[Start of Attachment]

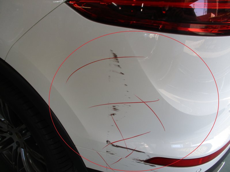 世田谷区 カイエン リアバンパー キズへこみ修理
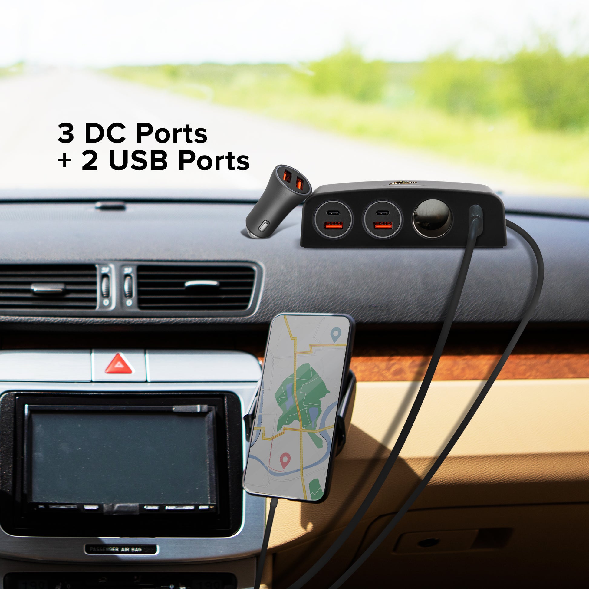 DC Power Station, Charge Up To 5 Devices, 3 12V Ports/Two USB-A Ports
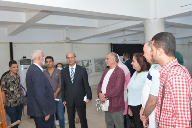 نائب رئيس جامعة أسيوط يصطحب لجنة التحكيم في جولة داخل معارض مشاريع طلاب قسم العمارة
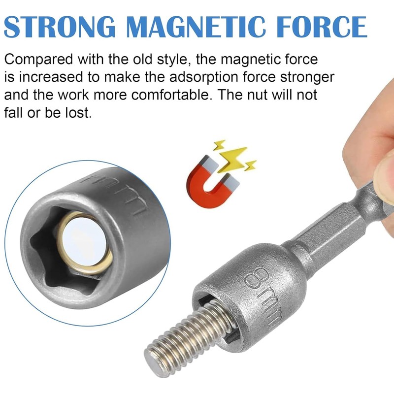 - 1/4" HEX SHANK- Use our nut removal tool designed specifically for impact drivers or 1/4 inch ratchets to easily handle stubborn bolts. Convenient magnets ensure that no nuts fall off during the disassembly process
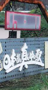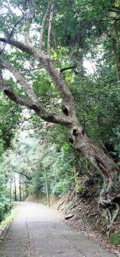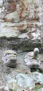 ![]() 1,368の石段を登ったところ、琴平の街並みを一望に見渡す高台にたたずむ奥社。 奥社の西側、垂直に切り立った岩壁の上方に、荒々しい表情の天狗面が見られる |
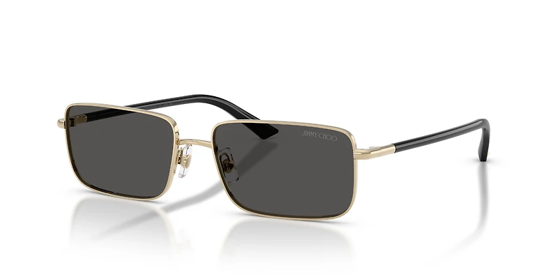 Elevate your style with Jimmy Choo sunglasses like the JC4027 model. These sleek rectangular frames in polished gold metal embody refined elegance. Designed with signature details like lasered rims, JC nose pads, and studded temples, they offer a perfect blend of sophistication and individuality. The classic grey lenses complete the timeless look while ensuring optimal protection.
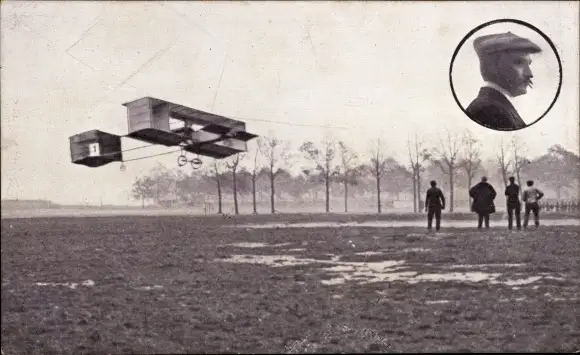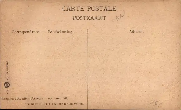 Ak Antwerp Aviation Week, Okt.-Nov. 1909, Baron de Caters, Doppeldecker
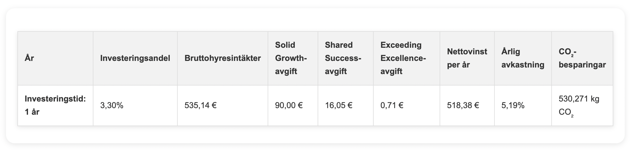 Shared Success Fee tillämpas på månatliga hyresintäkter och används för hållbar utveckling och kontinuerlig reinvestering i dina fastighetsprojekt. Denna avgift gör det möjligt för oss att tillhandahålla nödvändiga resurser för att maximera lönsamheten i dina investeringar.

[End of Attachment]

## Work order
In your answer, set down the full listing word for word and include no pictures.

## Written answer
 世田谷区 カイエン リアバンパー キズへこみ修理
 DC Power Station, Charge Up To 5 Devices, 3 12V Ports/Two USB-A Ports
 نائب رئيس جامعة أسيوط يصطحب لجنة التحكيم في جولة داخل معارض مشاريع طلاب قسم العمارة
 - 1/4" HEX SHANK- Use our nut removal tool designed specifically for impact drivers or 1/4 inch ratchets to easily handle stubborn bolts. Convenient magnets ensure that no nuts fall off during the disassembly process
 ![]() 1,368の石段を登ったところ、琴平の街並みを一望に見渡す高台にたたずむ奥社。 奥社の西側、垂直に切り立った岩壁の上方に、荒々しい表情の天狗面が見られる |
 Elevate your style with Jimmy Choo sunglasses like the JC4027 model. These sleek rectangular frames in polished gold metal embody refined elegance. Designed with signature details like lasered rims, JC nose pads, and studded temples, they offer a perfect blend of sophistication and individuality. The classic grey lenses complete the timeless look while ensuring optimal protection.
 Ak Antwerp Aviation Week, Okt.-Nov. 1909, Baron de Caters, Doppeldecker
 Shared Success Fee tillämpas på månatliga hyresintäkter och används för hållbar utveckling och kontinuerlig reinvestering i dina fastighetsprojekt. Denna avgift gör det möjligt för oss att tillhandahålla nödvändiga resurser för att maximera lönsamheten i dina investeringar.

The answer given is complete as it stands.